**Task description:** Line by line, repeat the material below exactly and leave the images out.

**Collected material:**
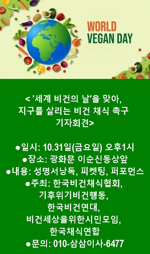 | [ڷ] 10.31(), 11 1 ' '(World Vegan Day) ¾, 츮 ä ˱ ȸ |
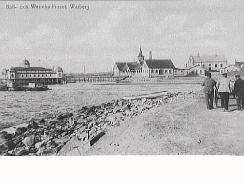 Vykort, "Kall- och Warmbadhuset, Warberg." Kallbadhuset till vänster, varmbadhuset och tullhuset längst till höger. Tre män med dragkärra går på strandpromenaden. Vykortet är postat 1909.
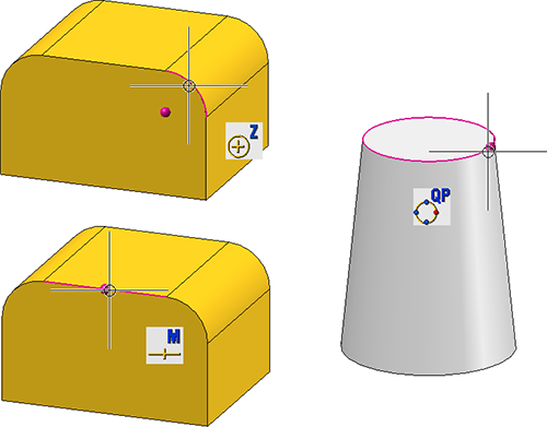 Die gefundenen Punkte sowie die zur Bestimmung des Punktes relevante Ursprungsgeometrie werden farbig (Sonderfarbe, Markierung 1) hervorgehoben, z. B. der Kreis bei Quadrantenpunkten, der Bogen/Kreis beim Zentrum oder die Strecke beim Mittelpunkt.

**Response for this exercise:**
 | [ڷ] 10.31(), 11 1 ' '(World Vegan Day) ¾, 츮 ä ˱ ȸ |
 Vykort, "Kall- och Warmbadhuset, Warberg." Kallbadhuset till vänster, varmbadhuset och tullhuset längst till höger. Tre män med dragkärra går på strandpromenaden. Vykortet är postat 1909.
 Die gefundenen Punkte sowie die zur Bestimmung des Punktes relevante Ursprungsgeometrie werden farbig (Sonderfarbe, Markierung 1) hervorgehoben, z. B. der Kreis bei Quadrantenpunkten, der Bogen/Kreis beim Zentrum oder die Strecke beim Mittelpunkt.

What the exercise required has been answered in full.